_What the task requires_.
Print the records below exactly as they appear. Omit all pictures.

Source records

◇ ◇ ◇

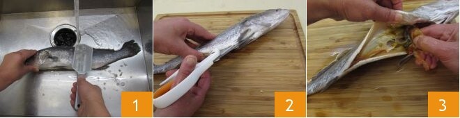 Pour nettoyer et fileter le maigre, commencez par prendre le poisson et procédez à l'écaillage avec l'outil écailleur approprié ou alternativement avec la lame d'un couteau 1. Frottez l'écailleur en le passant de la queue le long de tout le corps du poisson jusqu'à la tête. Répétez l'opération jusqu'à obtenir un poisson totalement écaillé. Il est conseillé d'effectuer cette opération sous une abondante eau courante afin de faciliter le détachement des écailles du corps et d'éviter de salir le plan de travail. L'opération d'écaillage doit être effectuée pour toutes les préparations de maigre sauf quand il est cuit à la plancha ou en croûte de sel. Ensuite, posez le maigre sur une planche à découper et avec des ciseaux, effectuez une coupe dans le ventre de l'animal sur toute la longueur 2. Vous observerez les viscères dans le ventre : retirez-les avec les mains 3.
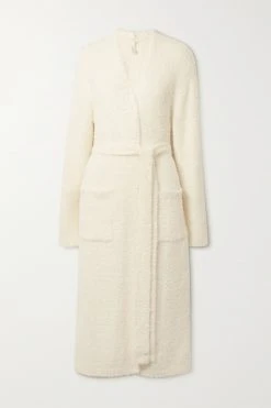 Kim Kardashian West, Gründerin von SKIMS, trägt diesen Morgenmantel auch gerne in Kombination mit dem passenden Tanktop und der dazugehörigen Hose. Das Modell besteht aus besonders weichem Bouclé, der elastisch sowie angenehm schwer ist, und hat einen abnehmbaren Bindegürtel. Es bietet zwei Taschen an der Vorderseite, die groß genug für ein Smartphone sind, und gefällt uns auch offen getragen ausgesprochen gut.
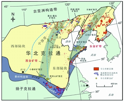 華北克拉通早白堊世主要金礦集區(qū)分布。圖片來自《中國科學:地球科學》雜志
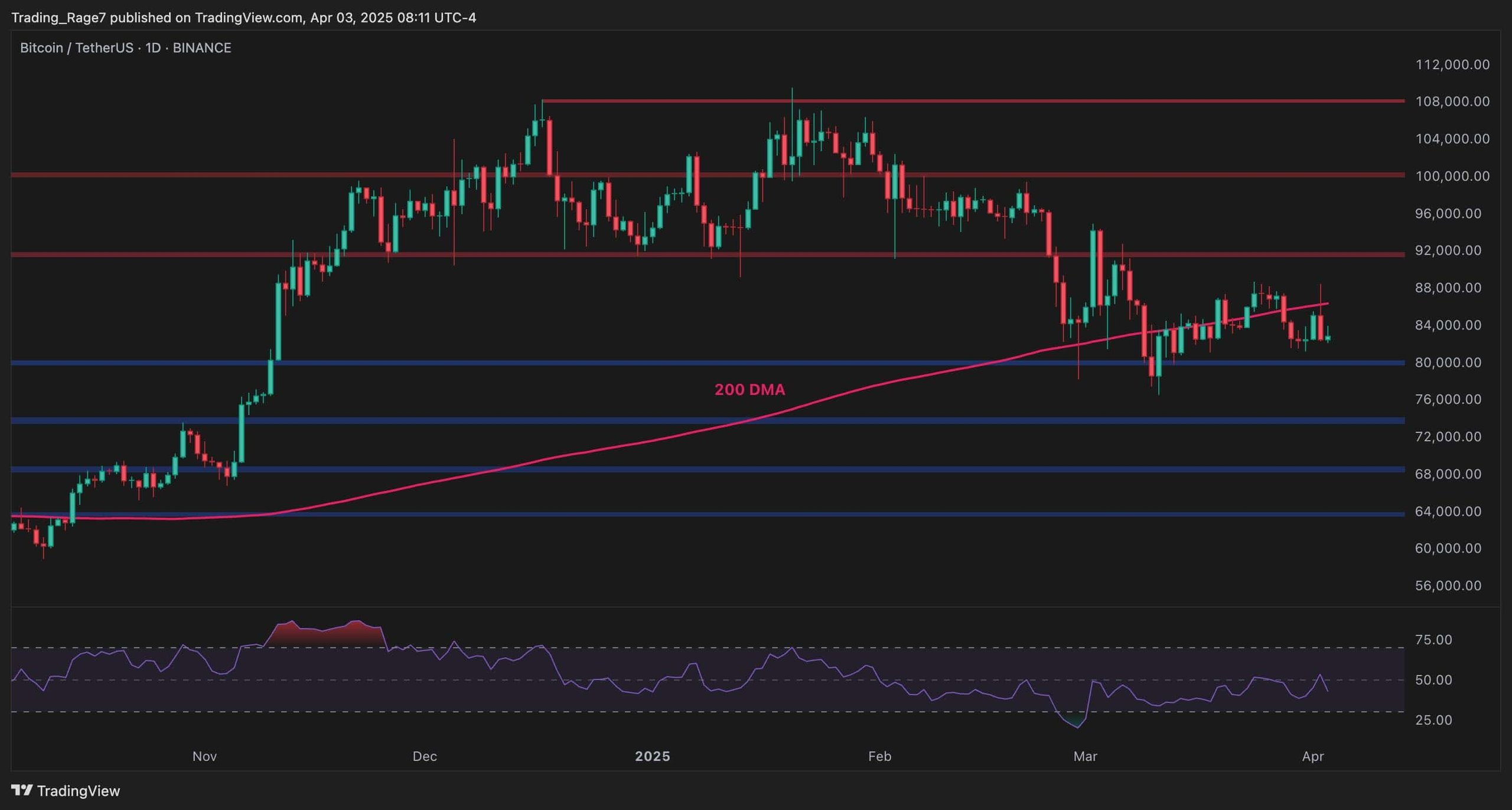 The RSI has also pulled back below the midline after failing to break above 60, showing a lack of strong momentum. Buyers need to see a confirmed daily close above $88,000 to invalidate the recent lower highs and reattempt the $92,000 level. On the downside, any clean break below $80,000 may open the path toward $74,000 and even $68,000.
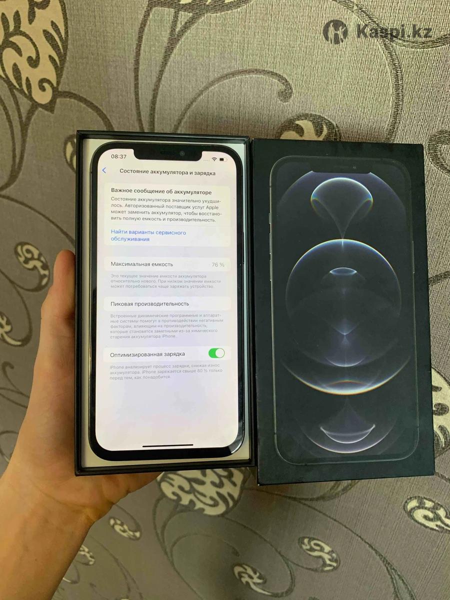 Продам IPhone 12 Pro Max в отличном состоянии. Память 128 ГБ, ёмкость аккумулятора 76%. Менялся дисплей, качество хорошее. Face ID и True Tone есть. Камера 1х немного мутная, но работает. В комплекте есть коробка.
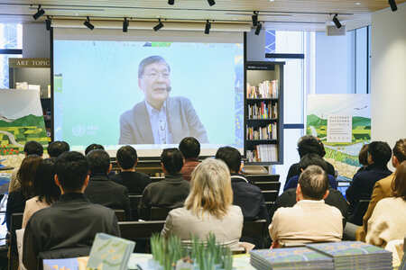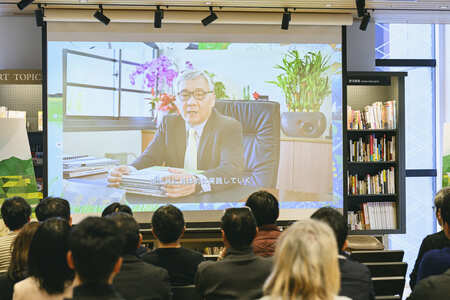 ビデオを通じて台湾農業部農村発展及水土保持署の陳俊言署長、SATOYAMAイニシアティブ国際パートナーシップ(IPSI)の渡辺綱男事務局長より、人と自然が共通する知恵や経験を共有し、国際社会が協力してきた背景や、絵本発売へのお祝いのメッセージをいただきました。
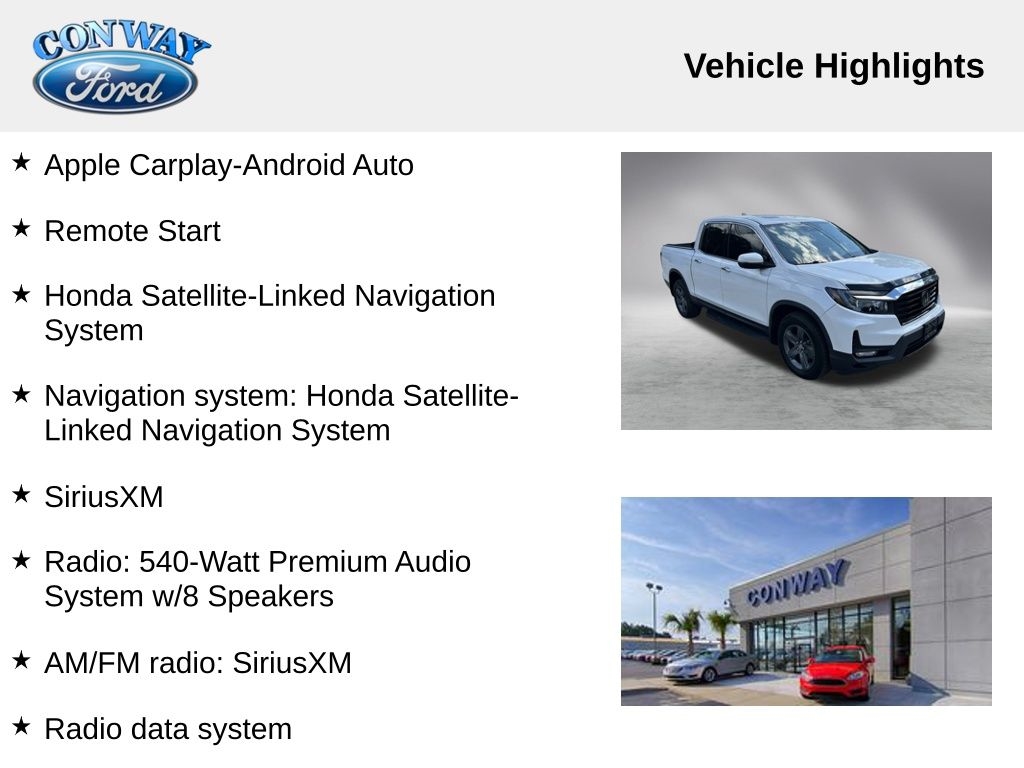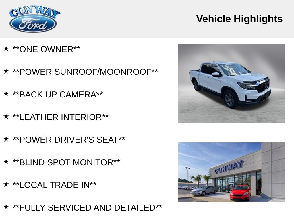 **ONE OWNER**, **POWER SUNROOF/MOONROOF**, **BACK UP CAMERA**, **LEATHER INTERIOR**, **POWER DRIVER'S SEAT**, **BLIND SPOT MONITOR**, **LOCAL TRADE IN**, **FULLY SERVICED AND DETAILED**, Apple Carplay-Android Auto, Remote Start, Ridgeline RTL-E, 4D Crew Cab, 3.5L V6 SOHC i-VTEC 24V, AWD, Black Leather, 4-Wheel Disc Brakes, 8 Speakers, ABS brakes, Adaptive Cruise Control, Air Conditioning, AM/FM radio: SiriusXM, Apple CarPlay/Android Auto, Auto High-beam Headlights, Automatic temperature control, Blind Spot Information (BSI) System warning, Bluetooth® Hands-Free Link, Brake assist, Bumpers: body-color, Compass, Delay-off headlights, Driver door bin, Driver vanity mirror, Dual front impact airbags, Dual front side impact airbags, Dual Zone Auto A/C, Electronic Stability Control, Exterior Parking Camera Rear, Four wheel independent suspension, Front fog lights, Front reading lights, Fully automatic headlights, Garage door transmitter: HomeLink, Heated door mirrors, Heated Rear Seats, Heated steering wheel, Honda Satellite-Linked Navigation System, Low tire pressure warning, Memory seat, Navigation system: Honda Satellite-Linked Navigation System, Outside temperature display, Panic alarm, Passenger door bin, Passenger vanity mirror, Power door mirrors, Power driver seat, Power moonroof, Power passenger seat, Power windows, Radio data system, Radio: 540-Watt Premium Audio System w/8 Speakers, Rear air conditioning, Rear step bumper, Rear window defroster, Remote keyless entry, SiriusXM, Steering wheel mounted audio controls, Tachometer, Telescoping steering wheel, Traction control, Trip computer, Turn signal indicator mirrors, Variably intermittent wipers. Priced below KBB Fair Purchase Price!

◇ ◇ ◇

_Solved problem_.
 Pour nettoyer et fileter le maigre, commencez par prendre le poisson et procédez à l'écaillage avec l'outil écailleur approprié ou alternativement avec la lame d'un couteau 1. Frottez l'écailleur en le passant de la queue le long de tout le corps du poisson jusqu'à la tête. Répétez l'opération jusqu'à obtenir un poisson totalement écaillé. Il est conseillé d'effectuer cette opération sous une abondante eau courante afin de faciliter le détachement des écailles du corps et d'éviter de salir le plan de travail. L'opération d'écaillage doit être effectuée pour toutes les préparations de maigre sauf quand il est cuit à la plancha ou en croûte de sel. Ensuite, posez le maigre sur une planche à découper et avec des ciseaux, effectuez une coupe dans le ventre de l'animal sur toute la longueur 2. Vous observerez les viscères dans le ventre : retirez-les avec les mains 3.
 Kim Kardashian West, Gründerin von SKIMS, trägt diesen Morgenmantel auch gerne in Kombination mit dem passenden Tanktop und der dazugehörigen Hose. Das Modell besteht aus besonders weichem Bouclé, der elastisch sowie angenehm schwer ist, und hat einen abnehmbaren Bindegürtel. Es bietet zwei Taschen an der Vorderseite, die groß genug für ein Smartphone sind, und gefällt uns auch offen getragen ausgesprochen gut.
 華北克拉通早白堊世主要金礦集區(qū)分布。圖片來自《中國科學:地球科學》雜志
 The RSI has also pulled back below the midline after failing to break above 60, showing a lack of strong momentum. Buyers need to see a confirmed daily close above $88,000 to invalidate the recent lower highs and reattempt the $92,000 level. On the downside, any clean break below $80,000 may open the path toward $74,000 and even $68,000.
 Продам IPhone 12 Pro Max в отличном состоянии. Память 128 ГБ, ёмкость аккумулятора 76%. Менялся дисплей, качество хорошее. Face ID и True Tone есть. Камера 1х немного мутная, но работает. В комплекте есть коробка.
 ビデオを通じて台湾農業部農村発展及水土保持署の陳俊言署長、SATOYAMAイニシアティブ国際パートナーシップ(IPSI)の渡辺綱男事務局長より、人と自然が共通する知恵や経験を共有し、国際社会が協力してきた背景や、絵本発売へのお祝いのメッセージをいただきました。
 **ONE OWNER**, **POWER SUNROOF/MOONROOF**, **BACK UP CAMERA**, **LEATHER INTERIOR**, **POWER DRIVER'S SEAT**, **BLIND SPOT MONITOR**, **LOCAL TRADE IN**, **FULLY SERVICED AND DETAILED**, Apple Carplay-Android Auto, Remote Start, Ridgeline RTL-E, 4D Crew Cab, 3.5L V6 SOHC i-VTEC 24V, AWD, Black Leather, 4-Wheel Disc Brakes, 8 Speakers, ABS brakes, Adaptive Cruise Control, Air Conditioning, AM/FM radio: SiriusXM, Apple CarPlay/Android Auto, Auto High-beam Headlights, Automatic temperature control, Blind Spot Information (BSI) System warning, Bluetooth® Hands-Free Link, Brake assist, Bumpers: body-color, Compass, Delay-off headlights, Driver door bin, Driver vanity mirror, Dual front impact airbags, Dual front side impact airbags, Dual Zone Auto A/C, Electronic Stability Control, Exterior Parking Camera Rear, Four wheel independent suspension, Front fog lights, Front reading lights, Fully automatic headlights, Garage door transmitter: HomeLink, Heated door mirrors, Heated Rear Seats, Heated steering wheel, Honda Satellite-Linked Navigation System, Low tire pressure warning, Memory seat, Navigation system: Honda Satellite-Linked Navigation System, Outside temperature display, Panic alarm, Passenger door bin, Passenger vanity mirror, Power door mirrors, Power driver seat, Power moonroof, Power passenger seat, Power windows, Radio data system, Radio: 540-Watt Premium Audio System w/8 Speakers, Rear air conditioning, Rear step bumper, Rear window defroster, Remote keyless entry, SiriusXM, Steering wheel mounted audio controls, Tachometer, Telescoping steering wheel, Traction control, Trip computer, Turn signal indicator mirrors, Variably intermittent wipers. Priced below KBB Fair Purchase Price!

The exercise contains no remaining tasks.